One from 2007. I know, right?
The weekend has come and gone and this week brings the terrible realisation that with the start of the new school year comes the return of the traffic from hell. This trebles my journey time to and from work and serves as a reminder that I really need to win the lottery and buy that helicopter.
The abject depression that sitting in traffic can produce must be countered in some way. And that’s why we used this weekend to chill out and relax before reality kicked in. Saturday afternoon was spent next to the pool, braai’ing with friends. (Braai’ing, to the uninitiated, is what the rest of the world calls barbequing). The South African braai is a national institution – we even have National Braai Day here – and that’s why it is important for me to learn and follow the strict (yet unwritten) SA Braai Code if I am to fully integrate into this society.
No matter where you are in the world, braai’ing is a man’s job. Trying to get your average Saffa bloke to cook in the kitchen is like trying to get him to wear one of your daintiest dresses, pink fluffy slippers and lipstick, but there’s no separating him from his braai. And while other nations pile on the charcoal briquettes from their local petrol station, South African men stand for hours around braais and discuss which wood should be used on the fire. The traditional option is Rooikrans – alien to SA and therefore fair game for anyone to chop down and burn under some bits of sheep. But one of my visitors on the weekend was very excited to note that I was using dried vine wood.

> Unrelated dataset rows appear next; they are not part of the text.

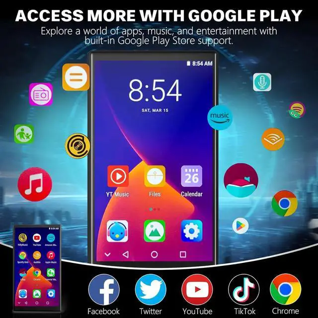 Never run out of space for your favorite content! This MP3 Player with Bluetooth and WiFi comes with 32GB internal storage and a complimentary 64GB SD card, giving you ample room for thousands of songs, podcasts, and videos. Need more? Expand up to 1TB via an external microSD card to store an entire music and video collection in one portable device.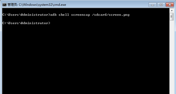 命令:"adb shell screencap /sdcard/screen.png"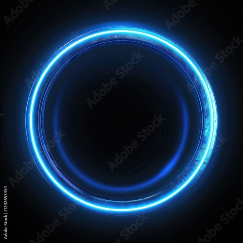 Glowing blue neon circle ring on transparent background; futuristic, abstract, technology.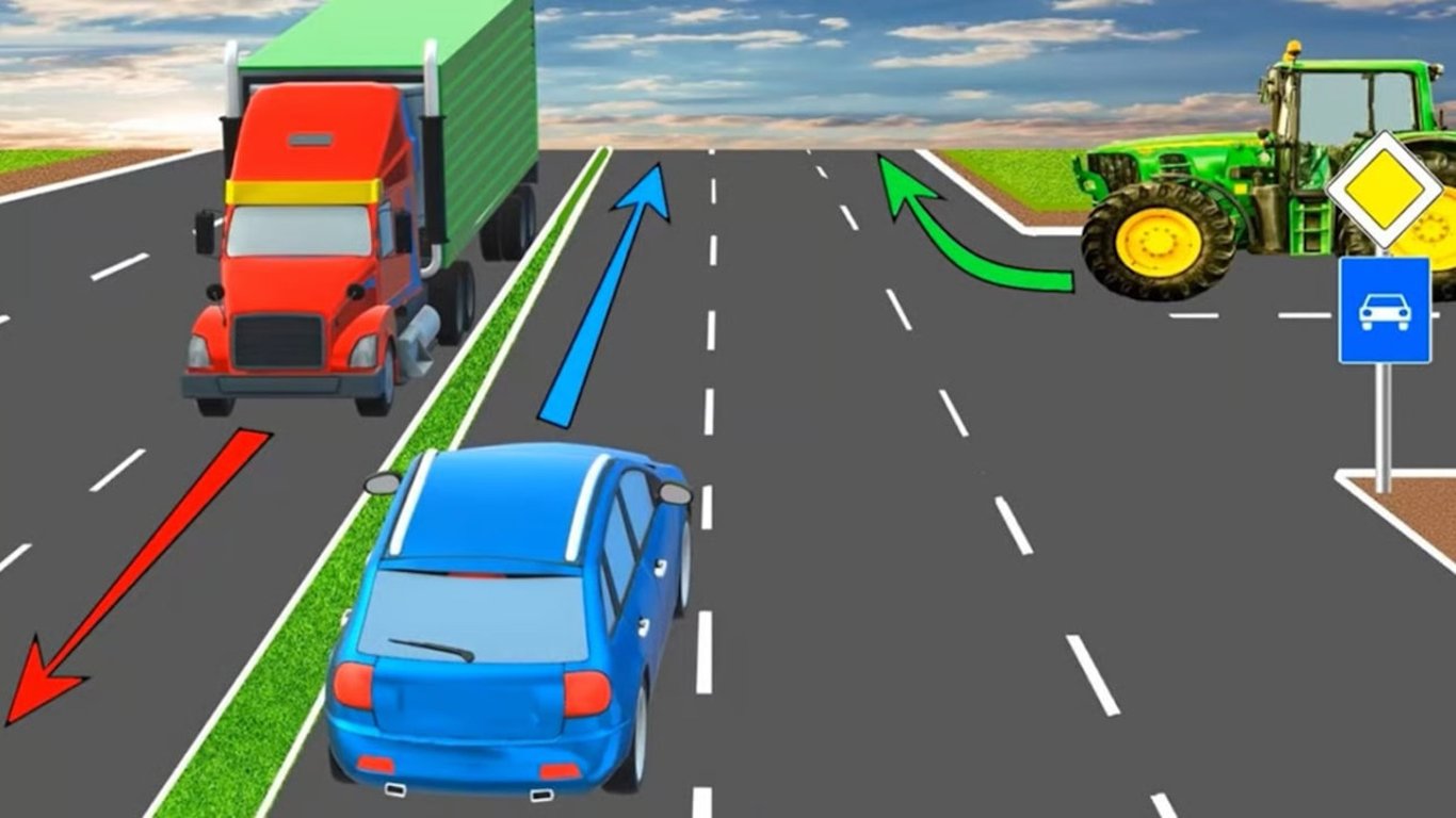 Отже, порушують правила тракторист, якому взагалі заборонена їзда на дорогах для автомобілів, та водій вантажівка, який їде по забороненій третій смузі.

“That stuff is great, hey – exceptional burning and great coals!”, he enthusiastically told me.
I nodded knowingly, despite the fact that I had bought it from the local petrol station in the sort of blind panic which only comes with finding that you have no braaiwood 10 minutes before your guests are arriving for a braai. I am the king of bluff.
“Have you tried Namibian Camelthorn?”, he asked.
I smiled and took a sip of my beer to give me thinking time.
“I haven’t, but I believe it burns forever?”, I ventured.
It was a good guess – this was more braaiwood talk – Camelthorn was not the latest beer to hit the market or some new designer drug. My guest was impressed. I am the king of bluff and the king of knowledge. It’s why I’m so successful at betway online sports betting.
The other thing I have to get used to is the fact that braai talk here is restricted to very few topics: rugby, cricket, kids (where applicable) and braaiwood.
Thou shalt not talk of music or women or football or beer. And that’s just a little bit bizarre as far as I’m concerned. Barbeques in the UK won’t even light without some mention of Kelly Brook and “that goal” from Thierry Henry on Wednesday night. That said, often they just don’t light because it’s raining.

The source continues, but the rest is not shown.